**WHAT TO WORK ON:**
Nothing but the pictures should be dropped when the records are transcribed word for word.

++++ THE DATA

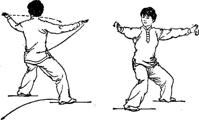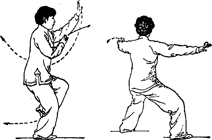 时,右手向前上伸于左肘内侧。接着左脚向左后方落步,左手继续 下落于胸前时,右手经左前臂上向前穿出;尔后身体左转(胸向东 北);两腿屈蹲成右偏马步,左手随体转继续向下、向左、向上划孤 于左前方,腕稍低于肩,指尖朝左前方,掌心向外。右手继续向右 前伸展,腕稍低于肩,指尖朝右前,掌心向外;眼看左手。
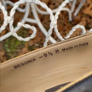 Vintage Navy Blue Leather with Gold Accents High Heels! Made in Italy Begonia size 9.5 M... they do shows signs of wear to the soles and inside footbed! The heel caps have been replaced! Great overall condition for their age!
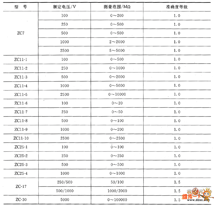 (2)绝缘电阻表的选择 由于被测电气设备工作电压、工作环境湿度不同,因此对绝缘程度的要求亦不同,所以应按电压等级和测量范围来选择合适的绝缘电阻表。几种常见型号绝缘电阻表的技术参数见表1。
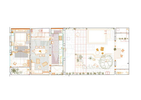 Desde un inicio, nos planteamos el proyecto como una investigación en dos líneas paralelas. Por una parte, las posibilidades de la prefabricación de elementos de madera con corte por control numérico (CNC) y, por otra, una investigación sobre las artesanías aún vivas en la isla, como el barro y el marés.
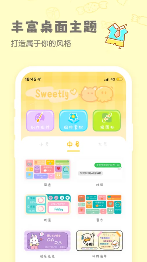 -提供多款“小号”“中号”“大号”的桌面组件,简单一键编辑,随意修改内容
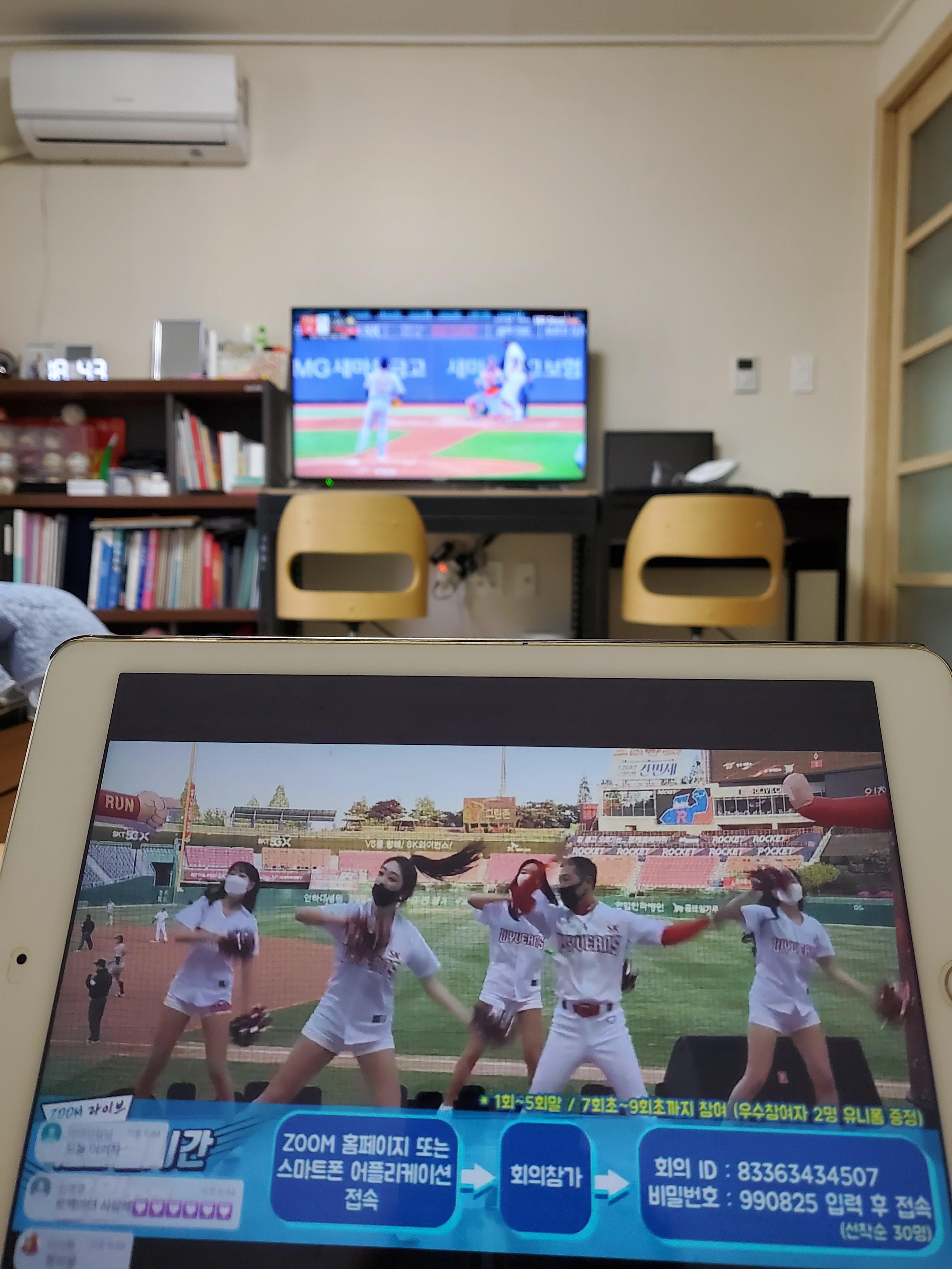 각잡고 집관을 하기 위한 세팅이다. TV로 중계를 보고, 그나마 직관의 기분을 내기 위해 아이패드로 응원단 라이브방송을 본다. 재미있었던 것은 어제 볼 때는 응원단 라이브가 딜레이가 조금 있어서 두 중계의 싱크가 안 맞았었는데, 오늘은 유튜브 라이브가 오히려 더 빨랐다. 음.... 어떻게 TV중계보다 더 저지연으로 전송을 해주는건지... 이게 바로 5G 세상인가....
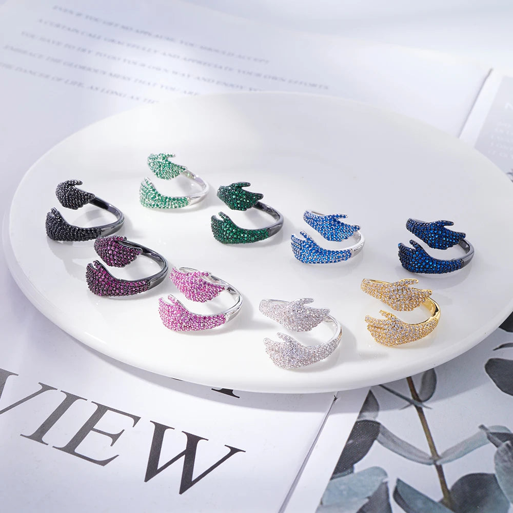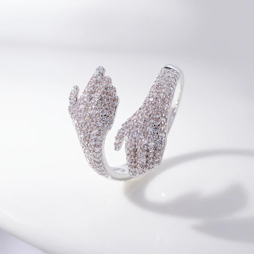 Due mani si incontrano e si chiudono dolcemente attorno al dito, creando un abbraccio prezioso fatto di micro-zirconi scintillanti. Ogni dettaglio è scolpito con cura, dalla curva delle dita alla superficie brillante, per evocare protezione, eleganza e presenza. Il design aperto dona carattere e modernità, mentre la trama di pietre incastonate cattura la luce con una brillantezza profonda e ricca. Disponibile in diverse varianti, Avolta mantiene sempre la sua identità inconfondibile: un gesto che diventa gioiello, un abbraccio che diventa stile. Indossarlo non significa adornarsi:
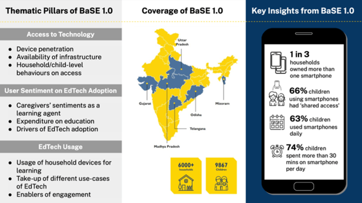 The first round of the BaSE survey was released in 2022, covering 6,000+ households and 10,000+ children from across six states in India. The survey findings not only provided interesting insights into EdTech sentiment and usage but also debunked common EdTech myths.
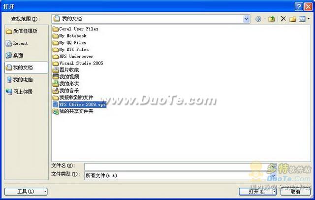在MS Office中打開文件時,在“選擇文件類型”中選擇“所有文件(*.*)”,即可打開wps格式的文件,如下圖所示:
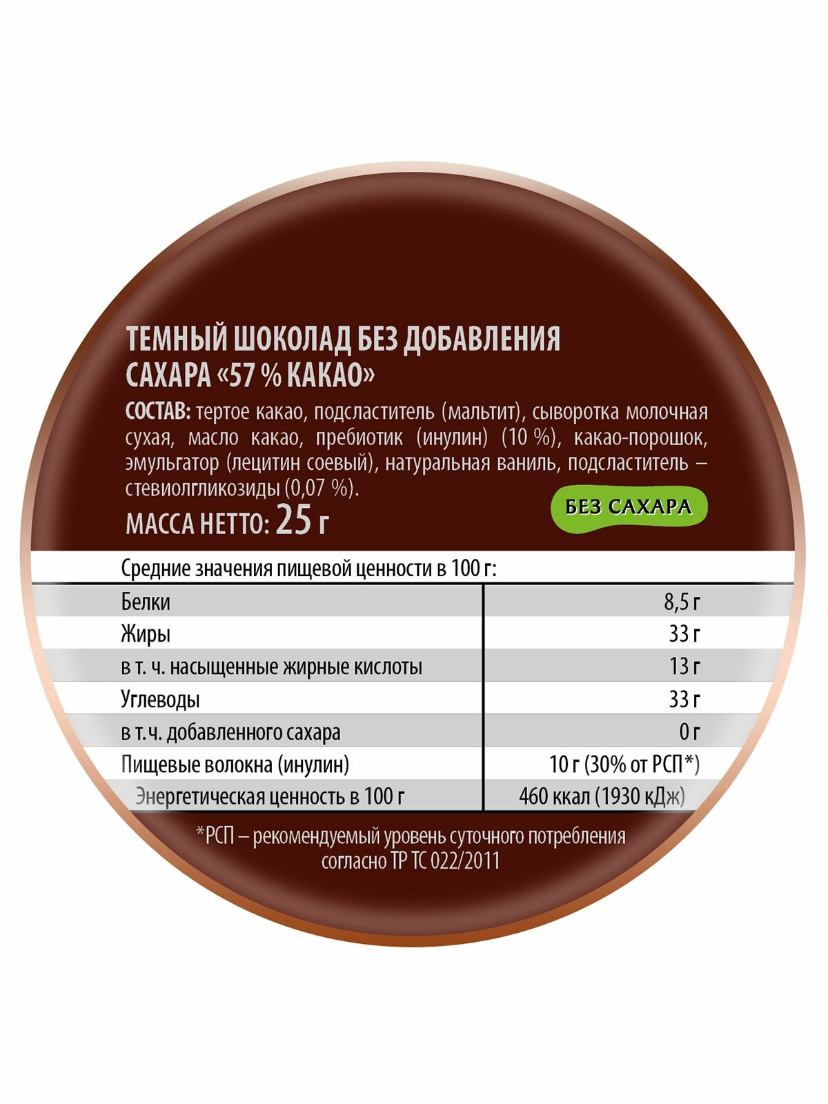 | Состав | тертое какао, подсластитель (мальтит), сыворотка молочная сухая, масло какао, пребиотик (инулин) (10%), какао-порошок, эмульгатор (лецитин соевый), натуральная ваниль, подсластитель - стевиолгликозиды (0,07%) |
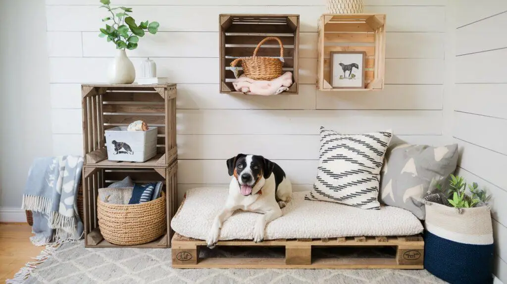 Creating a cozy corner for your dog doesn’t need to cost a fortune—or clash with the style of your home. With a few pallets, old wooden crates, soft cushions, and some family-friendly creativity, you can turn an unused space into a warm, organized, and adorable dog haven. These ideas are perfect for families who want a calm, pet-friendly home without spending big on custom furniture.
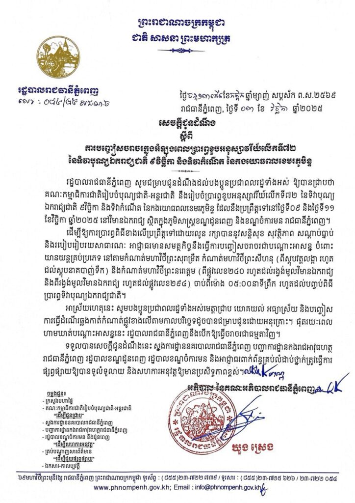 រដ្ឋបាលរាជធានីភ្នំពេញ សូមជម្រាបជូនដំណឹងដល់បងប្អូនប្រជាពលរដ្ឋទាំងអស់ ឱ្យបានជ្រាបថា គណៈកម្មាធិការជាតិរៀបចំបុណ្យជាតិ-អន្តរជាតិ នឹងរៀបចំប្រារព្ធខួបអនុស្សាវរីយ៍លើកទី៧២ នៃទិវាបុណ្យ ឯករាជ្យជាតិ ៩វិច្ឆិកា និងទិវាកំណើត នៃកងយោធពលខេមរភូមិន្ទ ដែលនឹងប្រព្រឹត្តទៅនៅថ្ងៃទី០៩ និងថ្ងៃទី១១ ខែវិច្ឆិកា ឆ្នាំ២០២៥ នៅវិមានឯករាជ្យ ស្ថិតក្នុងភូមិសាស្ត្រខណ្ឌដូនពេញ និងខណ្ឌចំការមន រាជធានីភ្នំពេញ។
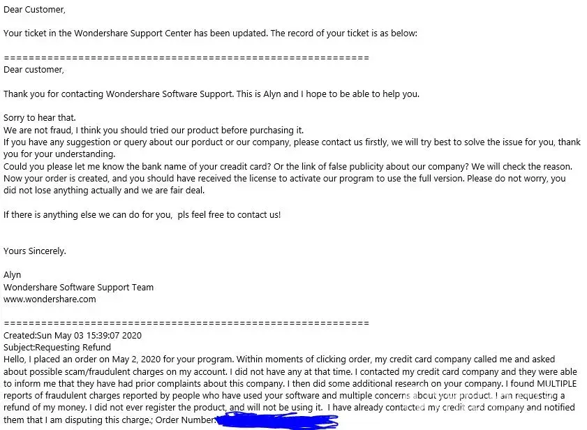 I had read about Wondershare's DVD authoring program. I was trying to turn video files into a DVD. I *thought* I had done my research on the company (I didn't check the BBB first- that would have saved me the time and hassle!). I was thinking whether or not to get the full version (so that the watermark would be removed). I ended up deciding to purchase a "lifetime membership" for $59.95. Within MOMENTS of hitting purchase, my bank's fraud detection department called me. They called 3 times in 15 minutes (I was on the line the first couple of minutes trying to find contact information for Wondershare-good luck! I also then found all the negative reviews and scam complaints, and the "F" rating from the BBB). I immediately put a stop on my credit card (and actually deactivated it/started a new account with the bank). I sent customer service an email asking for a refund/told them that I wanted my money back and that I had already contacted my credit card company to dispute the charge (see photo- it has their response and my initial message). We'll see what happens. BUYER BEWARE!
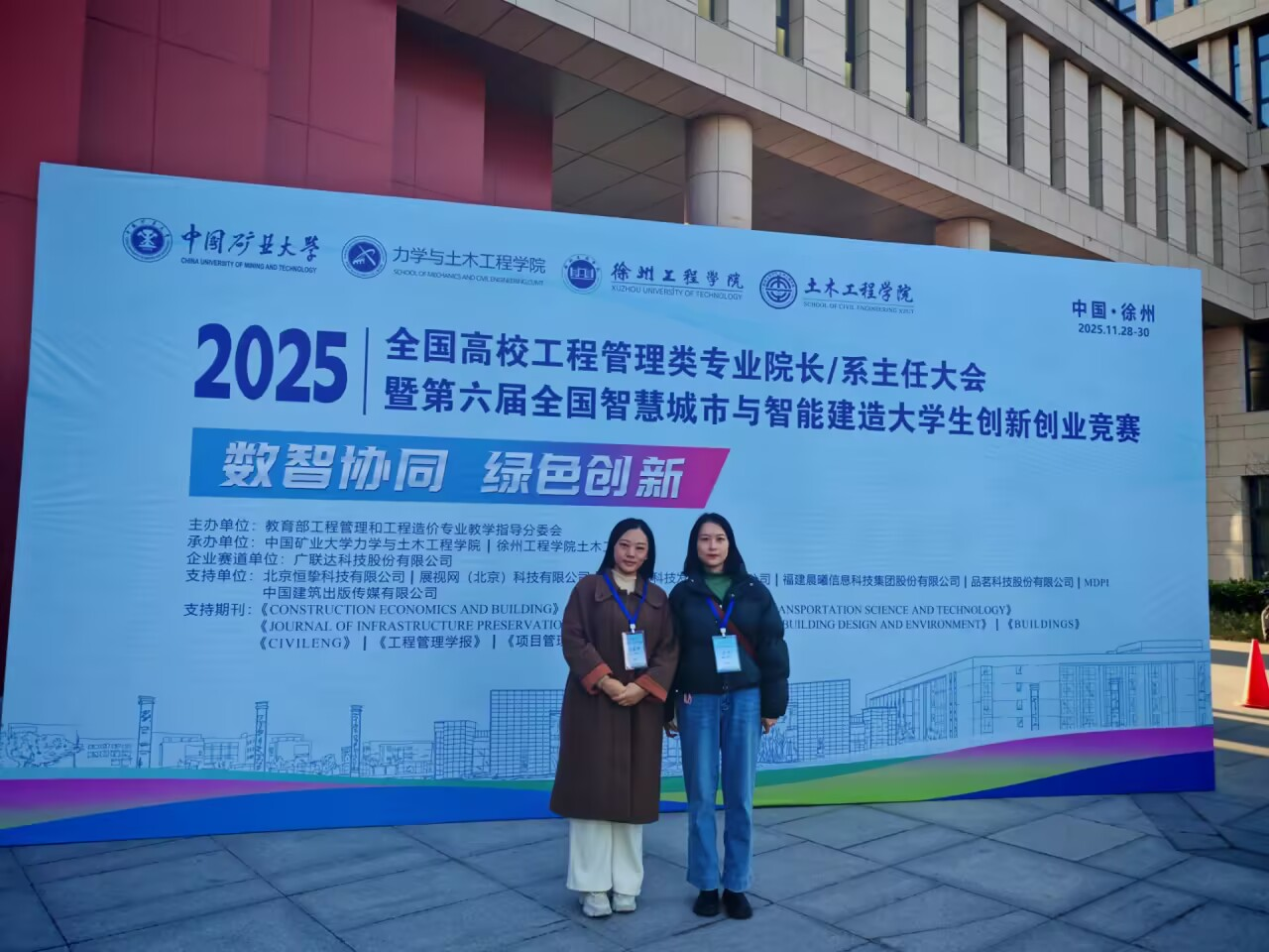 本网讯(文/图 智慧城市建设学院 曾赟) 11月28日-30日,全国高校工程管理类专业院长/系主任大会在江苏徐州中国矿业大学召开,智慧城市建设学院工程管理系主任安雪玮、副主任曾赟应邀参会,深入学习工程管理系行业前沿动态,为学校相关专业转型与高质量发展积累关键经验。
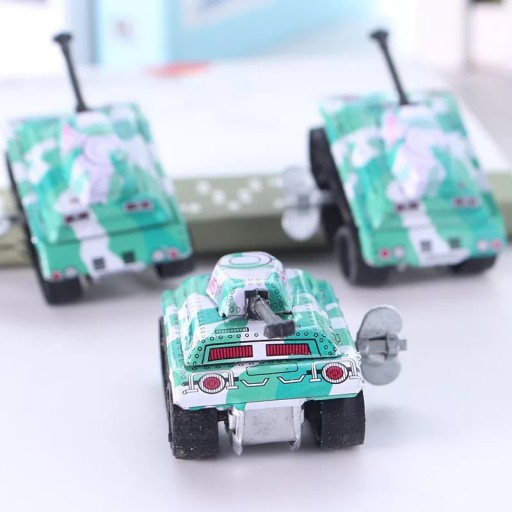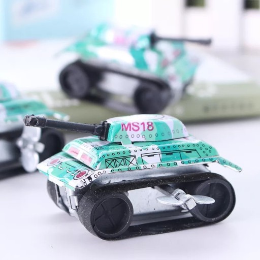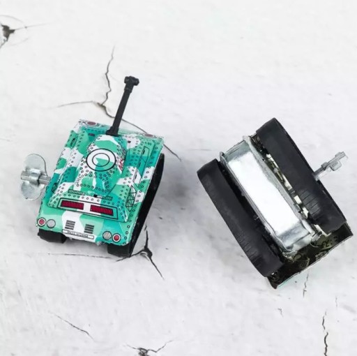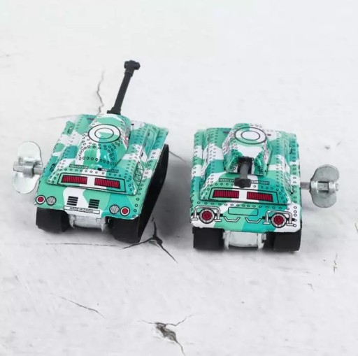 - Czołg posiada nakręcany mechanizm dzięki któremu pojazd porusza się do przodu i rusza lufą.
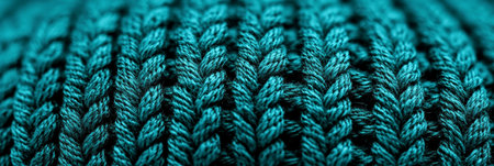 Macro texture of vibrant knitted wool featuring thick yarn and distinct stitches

++++++++

**EXERCISE RESPONSE:**
 时,右手向前上伸于左肘内侧。接着左脚向左后方落步,左手继续 下落于胸前时,右手经左前臂上向前穿出;尔后身体左转(胸向东 北);两腿屈蹲成右偏马步,左手随体转继续向下、向左、向上划孤 于左前方,腕稍低于肩,指尖朝左前方,掌心向外。右手继续向右 前伸展,腕稍低于肩,指尖朝右前,掌心向外;眼看左手。
 Vintage Navy Blue Leather with Gold Accents High Heels! Made in Italy Begonia size 9.5 M... they do shows signs of wear to the soles and inside footbed! The heel caps have been replaced! Great overall condition for their age!
 (2)绝缘电阻表的选择 由于被测电气设备工作电压、工作环境湿度不同,因此对绝缘程度的要求亦不同,所以应按电压等级和测量范围来选择合适的绝缘电阻表。几种常见型号绝缘电阻表的技术参数见表1。
 Desde un inicio, nos planteamos el proyecto como una investigación en dos líneas paralelas. Por una parte, las posibilidades de la prefabricación de elementos de madera con corte por control numérico (CNC) y, por otra, una investigación sobre las artesanías aún vivas en la isla, como el barro y el marés.
 -提供多款“小号”“中号”“大号”的桌面组件,简单一键编辑,随意修改内容
 각잡고 집관을 하기 위한 세팅이다. TV로 중계를 보고, 그나마 직관의 기분을 내기 위해 아이패드로 응원단 라이브방송을 본다. 재미있었던 것은 어제 볼 때는 응원단 라이브가 딜레이가 조금 있어서 두 중계의 싱크가 안 맞았었는데, 오늘은 유튜브 라이브가 오히려 더 빨랐다. 음.... 어떻게 TV중계보다 더 저지연으로 전송을 해주는건지... 이게 바로 5G 세상인가....
 Due mani si incontrano e si chiudono dolcemente attorno al dito, creando un abbraccio prezioso fatto di micro-zirconi scintillanti. Ogni dettaglio è scolpito con cura, dalla curva delle dita alla superficie brillante, per evocare protezione, eleganza e presenza. Il design aperto dona carattere e modernità, mentre la trama di pietre incastonate cattura la luce con una brillantezza profonda e ricca. Disponibile in diverse varianti, Avolta mantiene sempre la sua identità inconfondibile: un gesto che diventa gioiello, un abbraccio che diventa stile. Indossarlo non significa adornarsi:
 The first round of the BaSE survey was released in 2022, covering 6,000+ households and 10,000+ children from across six states in India. The survey findings not only provided interesting insights into EdTech sentiment and usage but also debunked common EdTech myths.
在MS Office中打開文件時,在“選擇文件類型”中選擇“所有文件(*.*)”,即可打開wps格式的文件,如下圖所示:
 | Состав | тертое какао, подсластитель (мальтит), сыворотка молочная сухая, масло какао, пребиотик (инулин) (10%), какао-порошок, эмульгатор (лецитин соевый), натуральная ваниль, подсластитель - стевиолгликозиды (0,07%) |
 Creating a cozy corner for your dog doesn’t need to cost a fortune—or clash with the style of your home. With a few pallets, old wooden crates, soft cushions, and some family-friendly creativity, you can turn an unused space into a warm, organized, and adorable dog haven. These ideas are perfect for families who want a calm, pet-friendly home without spending big on custom furniture.
 រដ្ឋបាលរាជធានីភ្នំពេញ សូមជម្រាបជូនដំណឹងដល់បងប្អូនប្រជាពលរដ្ឋទាំងអស់ ឱ្យបានជ្រាបថា គណៈកម្មាធិការជាតិរៀបចំបុណ្យជាតិ-អន្តរជាតិ នឹងរៀបចំប្រារព្ធខួបអនុស្សាវរីយ៍លើកទី៧២ នៃទិវាបុណ្យ ឯករាជ្យជាតិ ៩វិច្ឆិកា និងទិវាកំណើត នៃកងយោធពលខេមរភូមិន្ទ ដែលនឹងប្រព្រឹត្តទៅនៅថ្ងៃទី០៩ និងថ្ងៃទី១១ ខែវិច្ឆិកា ឆ្នាំ២០២៥ នៅវិមានឯករាជ្យ ស្ថិតក្នុងភូមិសាស្ត្រខណ្ឌដូនពេញ និងខណ្ឌចំការមន រាជធានីភ្នំពេញ។
 I had read about Wondershare's DVD authoring program. I was trying to turn video files into a DVD. I *thought* I had done my research on the company (I didn't check the BBB first- that would have saved me the time and hassle!). I was thinking whether or not to get the full version (so that the watermark would be removed). I ended up deciding to purchase a "lifetime membership" for $59.95. Within MOMENTS of hitting purchase, my bank's fraud detection department called me. They called 3 times in 15 minutes (I was on the line the first couple of minutes trying to find contact information for Wondershare-good luck! I also then found all the negative reviews and scam complaints, and the "F" rating from the BBB). I immediately put a stop on my credit card (and actually deactivated it/started a new account with the bank). I sent customer service an email asking for a refund/told them that I wanted my money back and that I had already contacted my credit card company to dispute the charge (see photo- it has their response and my initial message). We'll see what happens. BUYER BEWARE!
 本网讯(文/图 智慧城市建设学院 曾赟) 11月28日-30日,全国高校工程管理类专业院长/系主任大会在江苏徐州中国矿业大学召开,智慧城市建设学院工程管理系主任安雪玮、副主任曾赟应邀参会,深入学习工程管理系行业前沿动态,为学校相关专业转型与高质量发展积累关键经验。
 - Czołg posiada nakręcany mechanizm dzięki któremu pojazd porusza się do przodu i rusza lufą.
 Macro texture of vibrant knitted wool featuring thick yarn and distinct stitches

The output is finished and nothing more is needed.